▶ DATA TO EXAMINE:
↓↓↓

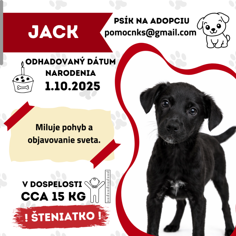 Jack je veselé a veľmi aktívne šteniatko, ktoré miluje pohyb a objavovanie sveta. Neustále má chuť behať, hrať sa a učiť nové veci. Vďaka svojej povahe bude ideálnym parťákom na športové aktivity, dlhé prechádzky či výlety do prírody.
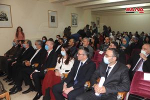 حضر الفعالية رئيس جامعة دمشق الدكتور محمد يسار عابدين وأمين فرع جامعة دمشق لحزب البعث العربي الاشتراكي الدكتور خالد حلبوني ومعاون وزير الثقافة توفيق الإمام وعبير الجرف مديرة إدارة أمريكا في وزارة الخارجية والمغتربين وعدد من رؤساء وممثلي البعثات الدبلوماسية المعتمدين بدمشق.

↑↑↑
↓↓↓

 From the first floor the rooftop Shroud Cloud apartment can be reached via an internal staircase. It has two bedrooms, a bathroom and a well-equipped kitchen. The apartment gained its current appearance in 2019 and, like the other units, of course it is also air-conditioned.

↑↑↑

▶ EXERCISE GOAL: Would you set down only the lines above from the line with "Jack je veselé" to the line with "حضر الفعالية رئيس", both included, exactly as they stand and without the pictures?

▶ RESULT FOR THIS TASK:
 Jack je veselé a veľmi aktívne šteniatko, ktoré miluje pohyb a objavovanie sveta. Neustále má chuť behať, hrať sa a učiť nové veci. Vďaka svojej povahe bude ideálnym parťákom na športové aktivity, dlhé prechádzky či výlety do prírody.
 حضر الفعالية رئيس جامعة دمشق الدكتور محمد يسار عابدين وأمين فرع جامعة دمشق لحزب البعث العربي الاشتراكي الدكتور خالد حلبوني ومعاون وزير الثقافة توفيق الإمام وعبير الجرف مديرة إدارة أمريكا في وزارة الخارجية والمغتربين وعدد من رؤساء وممثلي البعثات الدبلوماسية المعتمدين بدمشق.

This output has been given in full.